Thank you in advance!!!


----------



## JimE (Apr 16, 2009)

Boot into the BIOS and see if it is detected in the BIOS. Sounds like a faulty drive. Laptop drives have a shorter life span than desktop drives. You can try removing reseating the drive, to verify a proper connection. You can also boot into the BIOS and see if it's detected there...if not, it is most likely faulty.


----------



## nebthet (Mar 12, 2011)

Hello and thanks for replying. 
Unfortunately, I did buy another optical drive. It was used and I did not have the possibility to check whether it really is functional as the seller claimed. But none of them are recognised by my laptop. I always just slide them in without crewing in the little bolt, but I guess it can't be the case... can it?
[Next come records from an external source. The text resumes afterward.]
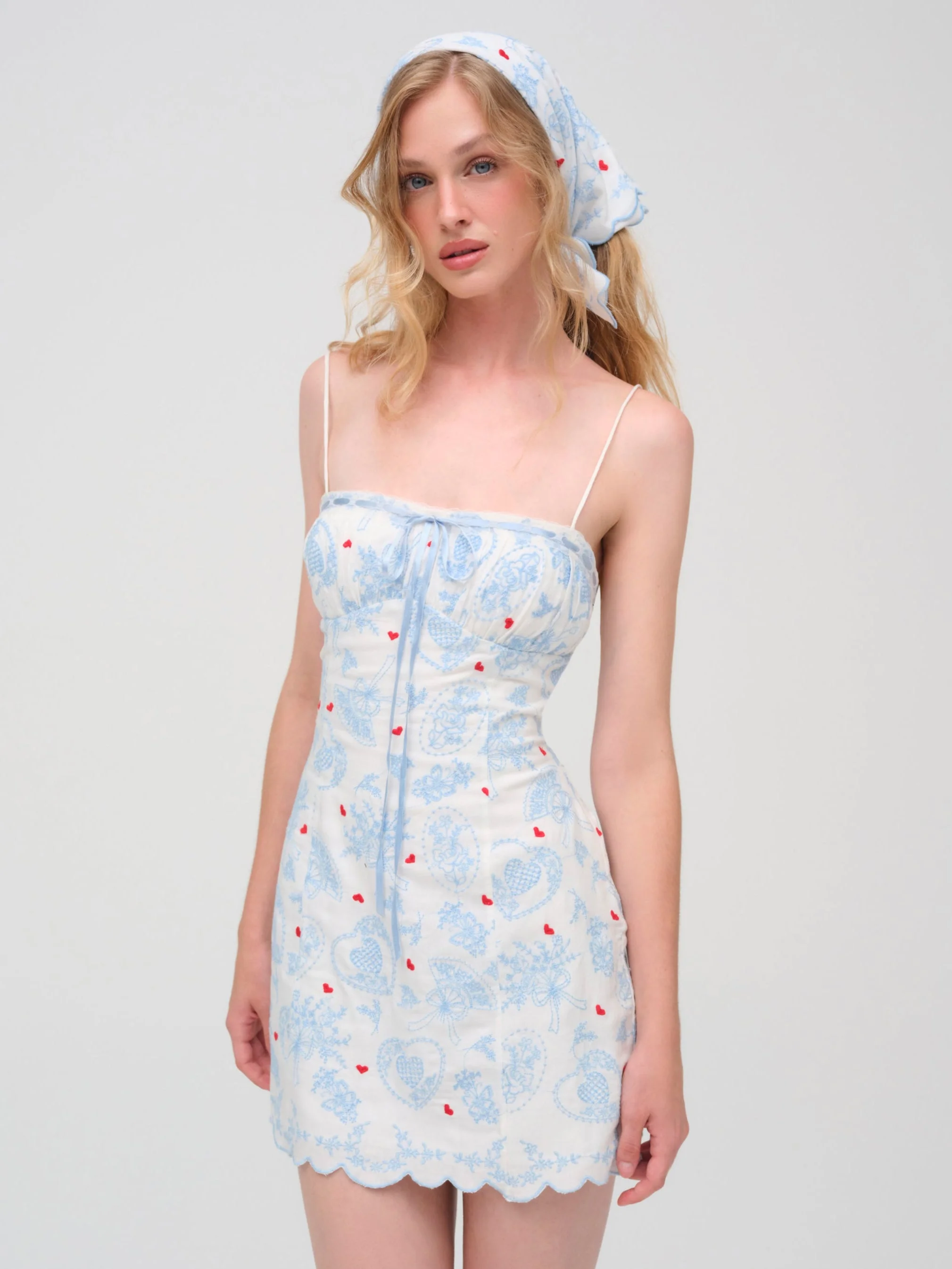 Be the ultimate Valentine's muse in the Claire white mini dress—a short lace dress with an allover crochet lace print. With a slotted lace trim and ribbon along the neckline and an embroidered scallop hem, it's the perfect little white dress for spring. Style Notes - Bust lining only - Adjustable shoulder straps - Invisible zipper at left waist Fabric + Care - Crafted in 90% viscose, 10% linen - Lining is made of 100% cotton - Dry clean only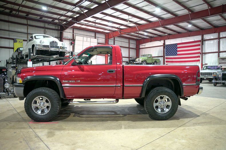Pay attention to this truck as you do not find them in this condition very often. GR Auto Gallery is excited to bring to market this brawny 1997 Dodge Ram 1500 Laramie SLT 4X4 short box pick up. This truck was held by the second owner from 2001 to March 2025. It is finished in its Firecracker Red metallic exterior paint over a ultra clean grey custom cloth interior. Power comes from its 5.2 liter Magnum V8 engine, 5 speed manual transmission and 4 wheel drive. Highlights include: power steering, power brakes, power windows, power locks, factory stereo with cassette, 3 way split bench with folding center, sliding rear window, tilt wheel, cruise control, cold air conditioning, suspension lift, custom aluminum wheels, side steps, short box, spay in bed liner, chrome step rear bumper, etc.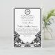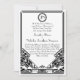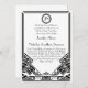 A classically beautiful, elegant and vintage style wedding invitation with a 1920's "The Great Gatsby" theme in simple black and white. An intricate geometrical Art Deco aesthetic border with clean lines and curves. The Bride's monogram and the Groom's monogram are accentuated on this version by enclosing them within a double circular frame.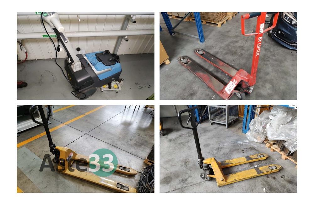 Transpallet manuale marca Lifter, anno 2018, portata 2500kg, serial HLI 0547813;Lavasciuga per pavimenti FIMAP GL PRO, sn. 222003209, anno 2022 a batteria;Transpallet manuale BT Products AB, n. BTL 2000/11.Transpallet manuale.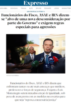 Expresso | Funcionários do Fisco, ASAE e IRN dizem-se “alvo de uma nova desconsideração por parte do Governo” e exigem regras especiais para agressões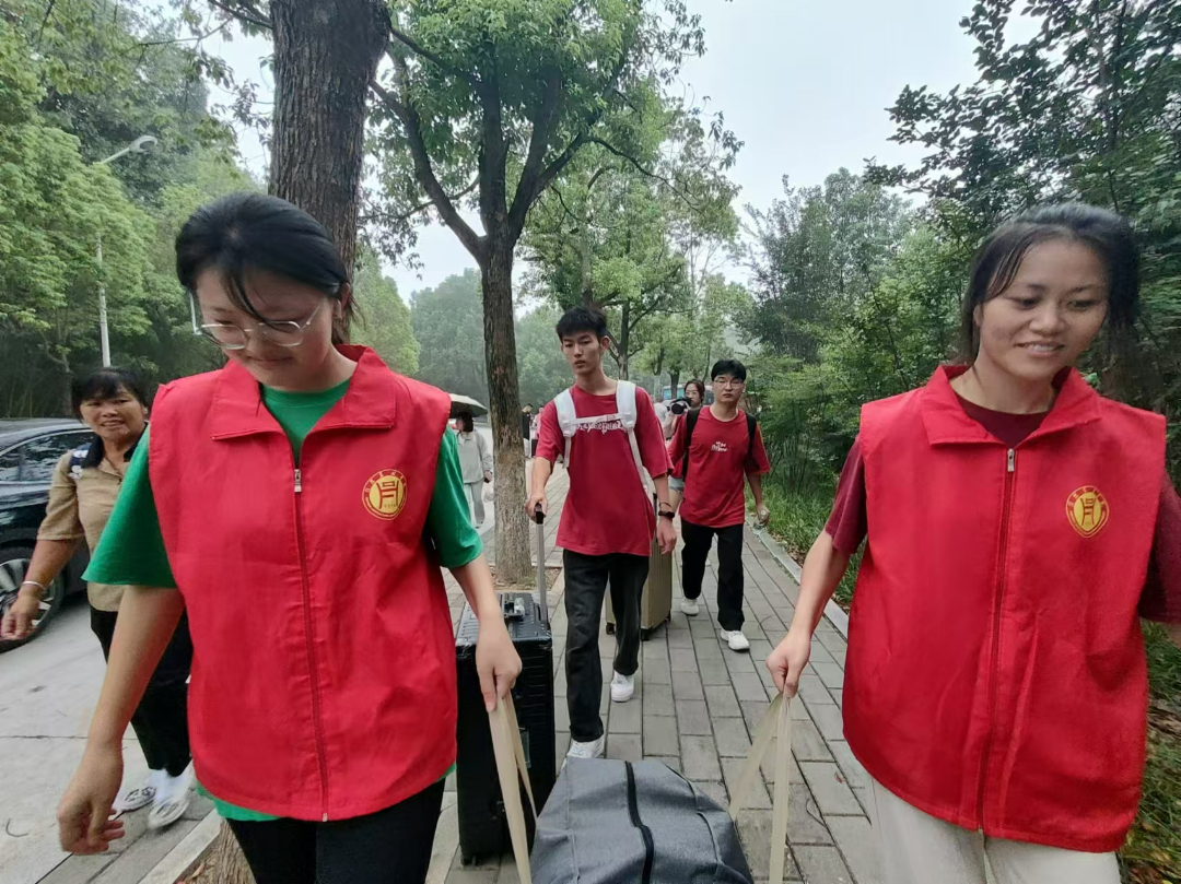 学院志愿服务小队在迎新站点紧密配合,帮助新生搬运行李、辅助办理登记入住手续。在迎新报到处,大家有条不紊,为新生和家长提供全方位“一站式”咨询与帮助,从身份信息核对到校园卡领取、再到新生绿色通道咨询、人脸信息验证,大家通力配合,高效快捷完成新生报到注册。
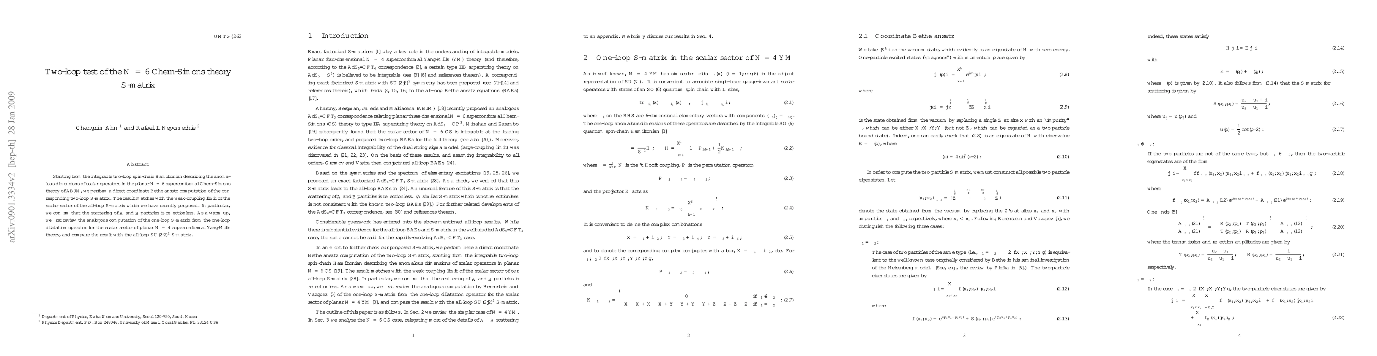 This paper computes the two-loop S-matrix for the N=6 Chern-Simons theory using a coordinate Bethe ansatz and confirms its agreement with the weak-coupling limit of a previously proposed all-loop S-matrix. It also reviews the one-loop S-matrix computation for N=4 superconformal Yang-Mills theory for comparison.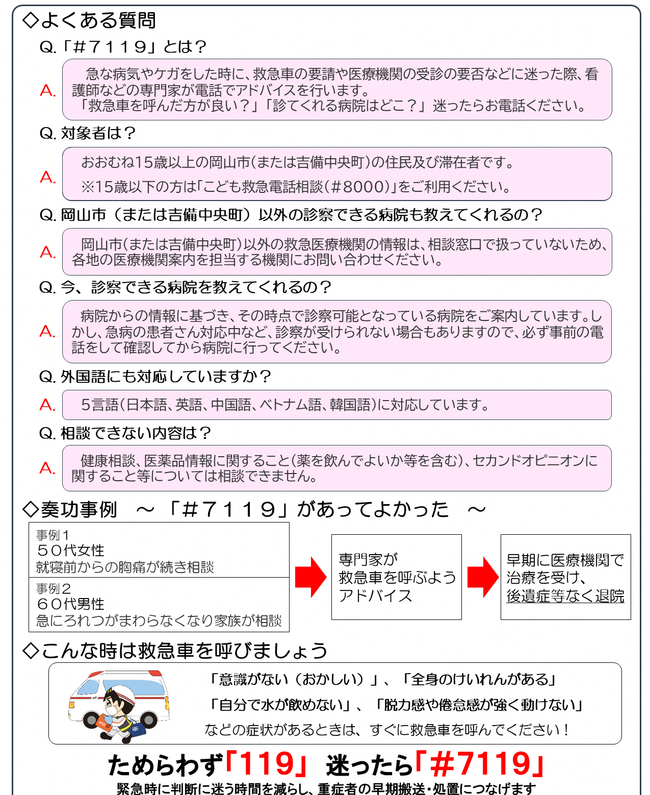 ※明らかにいつもと様子が違うなど緊急性が高い場合は、ためらわず「119番通報」してください。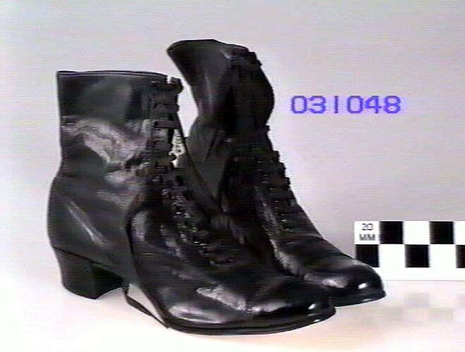 Pair of woman's black leather lace-up boots. Made by Bostock, England, before or during 1880. The boots won the gold medal for design and workmanship at the 1880-1881 International Exhibition.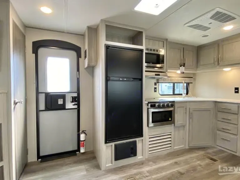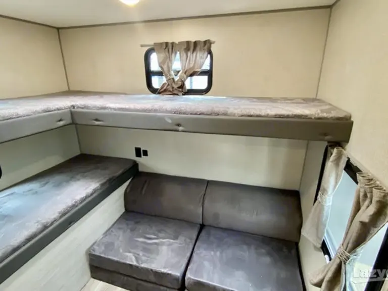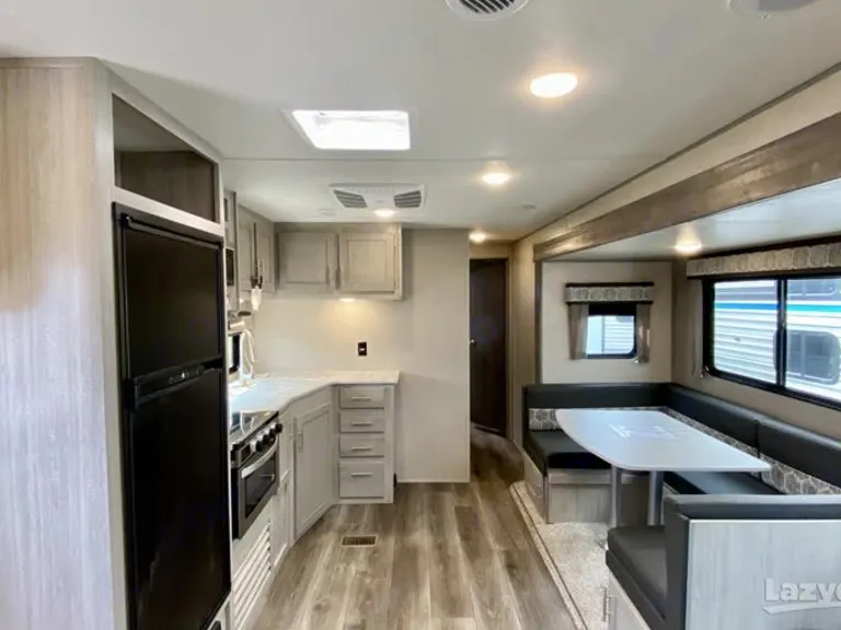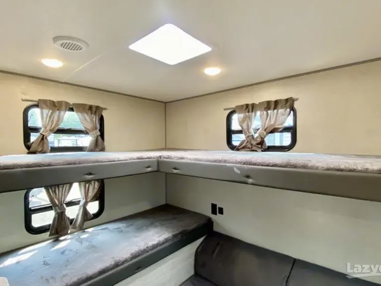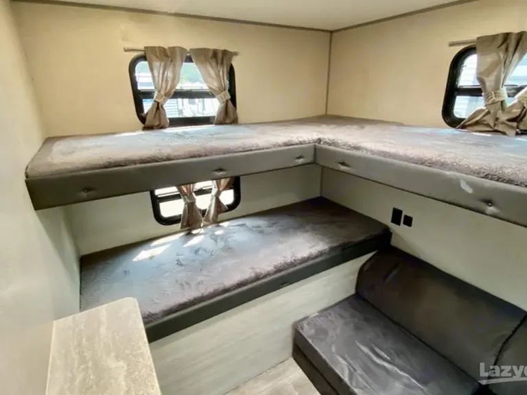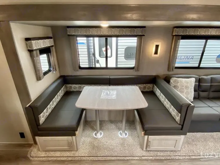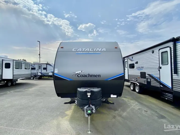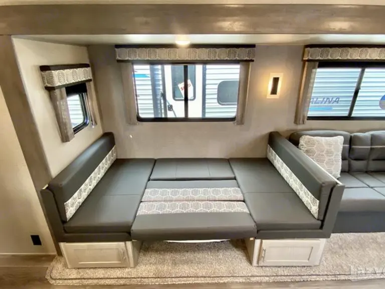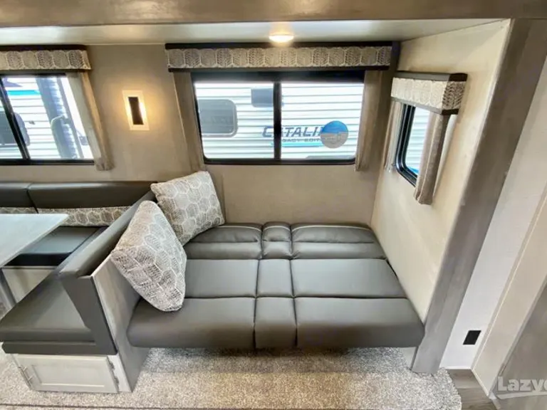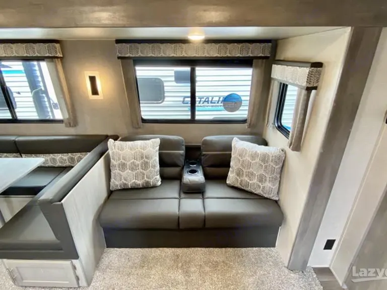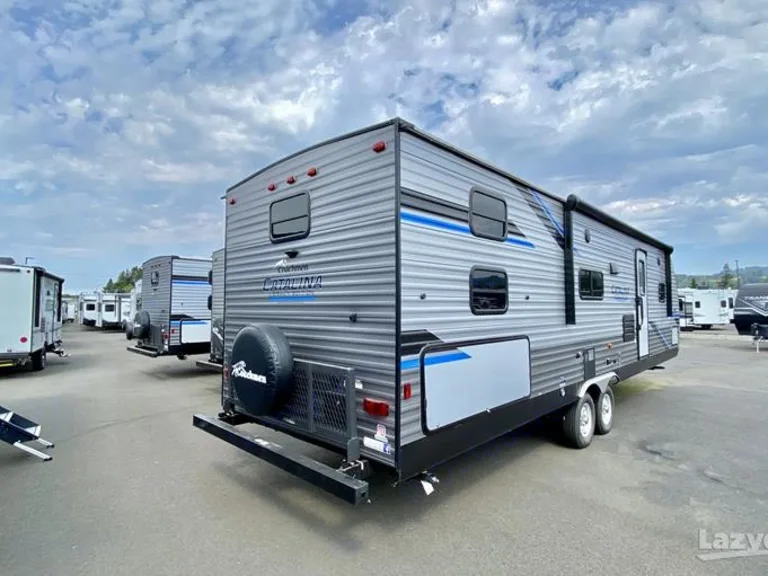 2022 Coachmen Catalina Legacy Edition 303Qbck Offering 2 bedrooms including a rear bunkroom with sleeping for 4-5 and a front queen room. Additional sleeping in the living area with a dinette booth and jiffy sofa. The corner kitchen will give more counter space than normal and with a corner entertainment you can comfortably watch from anywhere! The large pantry with shelves will allow you to stock up on everything so whether your seasonal or traveling. This is a great layout. What's includedCookware, utensils, broom, mop.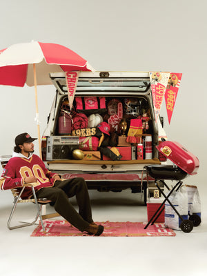 Kith for the NFL: Road to Victory is completed by headwear made in collaboration with ‘47, featuring styles like the Franchise LS and Trucker Hats made of seasonal fabrics like wool, microsuede, and corduroy. Shop cold-weather silhouettes like the Mia Beanie with embroidered artwork, the Hitch Trucker with all-over artwork, and applique patches.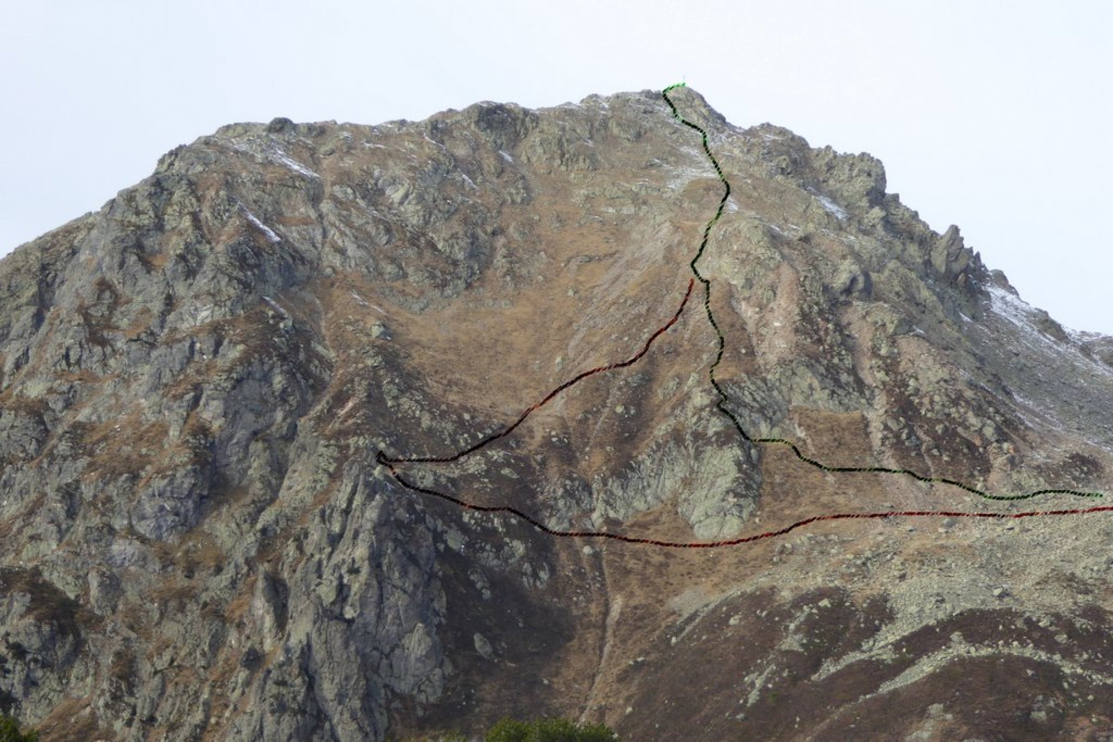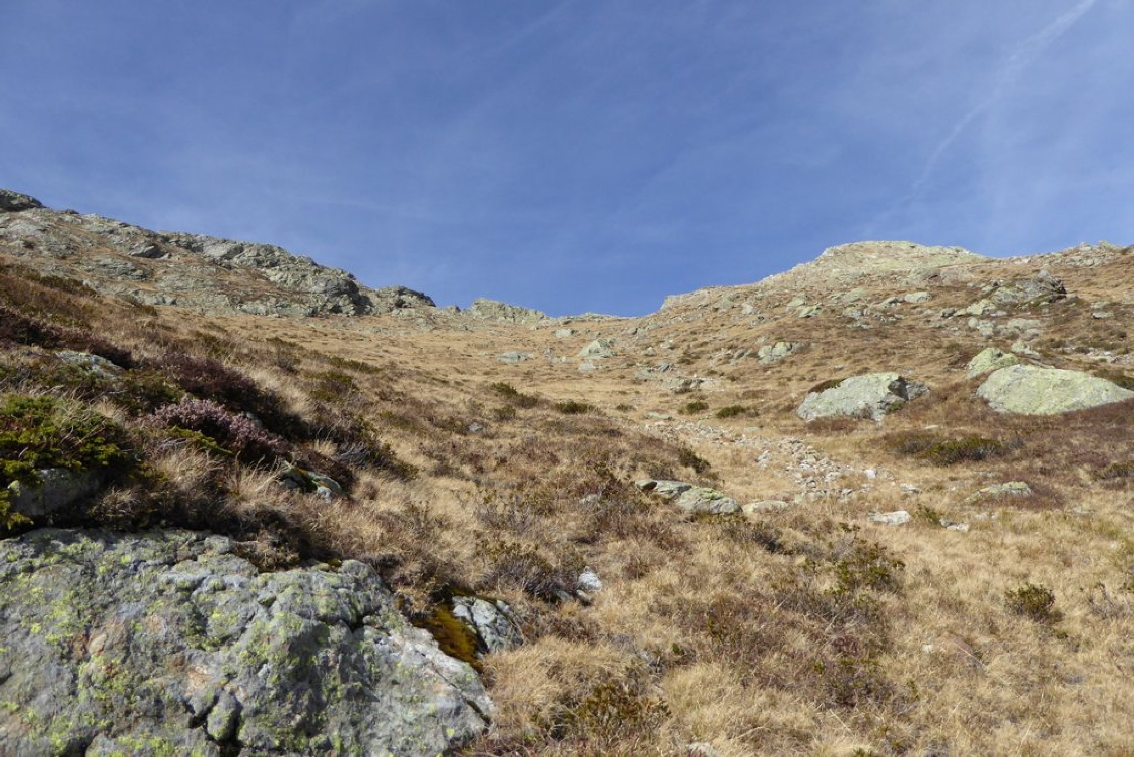 Als wir im Abstieg waren und der den grasigen Gipfelhang querten viele Steine runter. Somit war der diretissima Aufstieg angenehmer

As far as Bios settings concerns, the only thing regarding CD-rom that there is in my Bios is boot sequence. CD-rom is set on first place. Could updating BIOS help?


----------



## JimE (Apr 16, 2009)

Most BIOS will display the hardware that is detected (HDD's and CD/DVD drives). In any case, if it's not there already, updating won't help.

And if it's not working with two different drives, very likely there is a hardware issue. Either the motherboard controller, the drive connectors, or possibly just faulty drives (less likely now that you have tried two).


----------